Because of increasingly stringent regulations on jet engines pollutant emissions, new ways of reducing them are needed. A promising way is the use of Lean Premixed Prevaporized (LPP) combustion where the liquid fuel is vaporized and mixed with air in excess before burning. In the present work, a model gas turbine combustor fed with liquid dodecane is studied experimentally. It is equipped with two fuel injection stages: a pressurized nozzle called the pilot and a multipoint device. When the split of the fuel injection between the stages is changed, several phenomena can be observed. The flame shapes can change drastically and present different behaviors, some of them showing a strong acoustic activity.

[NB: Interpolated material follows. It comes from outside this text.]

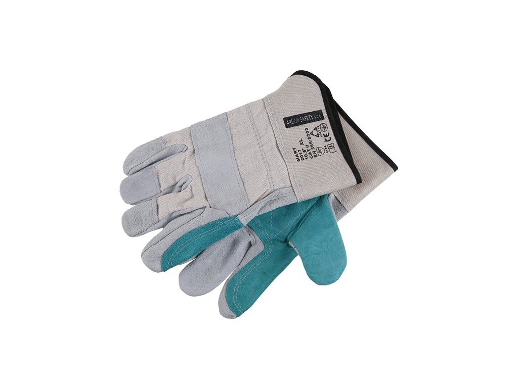Zesílená dlaň a ukazovák z hovězí štípenky, hřbet z bavlněné tkaniny, vyztužená manžeta, CE EN 388, vel. 10,5.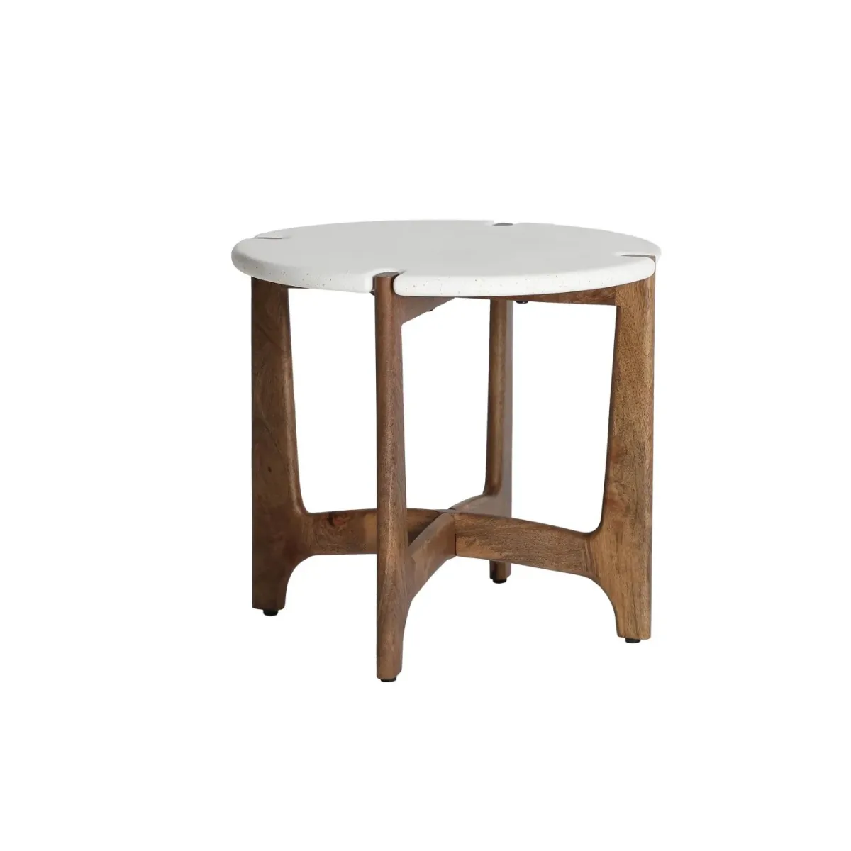 Mesa auxiliar, fabricado en madera de mango en color marrón, combinado con madera dm en color blanco.

In particular, two different flame shapes can be obtained for the exact same operating conditions depending on the burner history. The first flame, named sV, is stabilized thanks to an internal reaction zone that modifies the air flow compared to non-reacting conditions. The second state, associated with a Lifted flame, exhibits a strong thermo-acoustic instability linked to the quarter-wave mode of the chamber. A switch from the sV to the Lifted state can be triggered by air flow rate modulations while the opposite change can occur naturally as the fuel split is changed. These complex phenomena originate from multiple interactions between the fuel spray, the gaseous flow and the flame itself.